Si no hay ganancias, entonces no tiene sentido tener una tienda. “No, solo agua con limón, con hielo.”

“Ning Ran, pensar es solo un problema. La solución está en actuar.” “¿Con hielo?”

Chen Luo sonrió y dijo: “Descubrí que también eres muy buena en los negocios. En pocos minutos, pudiste analizar las ventajas y desventajas. ¡Eres genial!”

Ning Ran negó con la cabeza. “No soy tan buena.”

Seguramente fue sin querer. “Tampoco tengo talento para los negocios. Aprendí un poco mientras vendía melocotones contigo. No soy yo quien es genial, sino tú.” “Bien.”

“No quiero asumir esa responsabilidad.” Después de que Chen Luo se fue, Ning Ran frunció el ceño. “Extraño, ¿por qué no está feliz?”

Chen Luo sonrió. “Si no estás segura de esto, ¿todavía quieres prestarme el dinero?” Ella nunca había salido con un chico antes, así que tuvo que aprender en línea.

Ning Ran respondió rápidamente: “Sí, por supuesto.” Por eso, guardó muchos tutoriales.

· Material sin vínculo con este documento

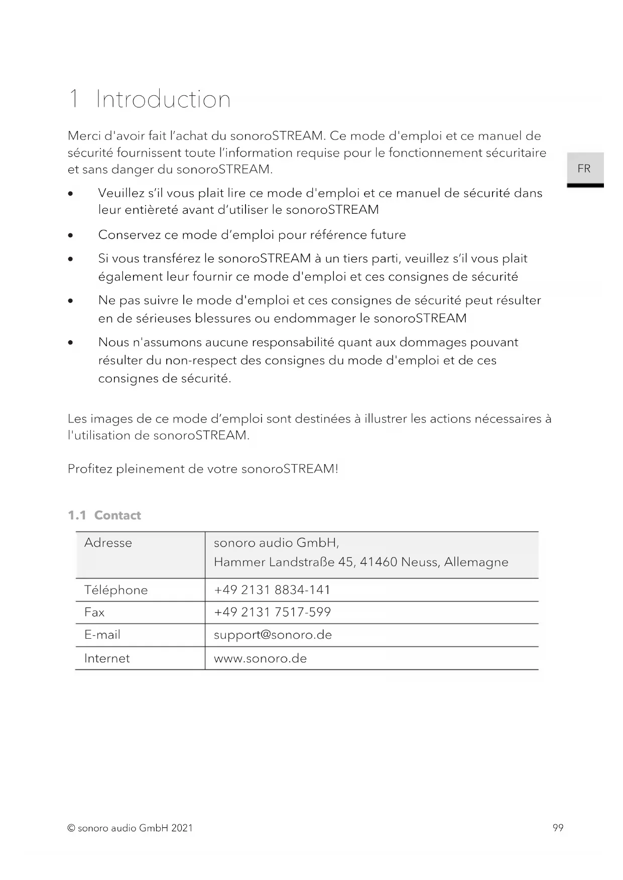 Merci d'avoir fait l'achat du sonoroSTREAM. Ce mode d'emploi et ce manuel de sécurité fournissant toute l'information requise pour le fonctionnement sécurité et sans danger du sonoroSTREAM.

“¿Oh? ¿No tienes miedo de que pierda tu dinero?” Los tutoriales dicen que cuando una chica sale con un chico y tienen que comprar té, debe agregar dos palabras al final.

“No tengo miedo.”

¡Con hielo!

“¿Por qué?”

Los tutoriales también dicen que los chicos se pondrán felices al escuchar esas palabras.

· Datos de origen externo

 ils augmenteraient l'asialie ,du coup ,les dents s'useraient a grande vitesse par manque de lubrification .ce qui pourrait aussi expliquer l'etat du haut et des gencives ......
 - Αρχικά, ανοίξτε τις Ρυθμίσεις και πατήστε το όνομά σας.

“No tengo miedo, simplemente no hay razón.”

Ning Ran no entendía el significado de “con hielo”. Para ella, lo importante era hacer feliz a Chen Luo.

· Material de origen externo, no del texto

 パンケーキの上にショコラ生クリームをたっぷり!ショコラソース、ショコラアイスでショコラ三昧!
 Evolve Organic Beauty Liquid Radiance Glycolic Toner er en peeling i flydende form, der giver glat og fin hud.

La confianza ciega de Ning Ran dejó a Chen Luo sin saber qué decir. Después de unos segundos, dijo: “Sí, existe la posibilidad de perder dinero, pero es poco probable.” Pero cuando escuchó “con hielo”, no reaccionó en absoluto, lo cual era diferente a lo que decían los tutoriales.

“He pensado en las preguntas que plantearon. Tengo confianza en poder devolverte los cuarenta mil yuanes antes del Año Nuevo.” “Ay, otra vez me engañaron. Volveré y eliminaré esos tutoriales de mi colección…”

“Devolveré el dinero.”

Ning Ran frunció el ceño. “¿Solo piensas en devolver el dinero? ¿No puedes no hacerlo?”

“Por supuesto que no. ¿Dónde está la lógica de pedir dinero prestado y no devolverlo?”

“Pero…”

De repente, Ning Ran tuvo una idea. Tosió y dijo: “Chen Luo, quiero hablar contigo sobre algo.”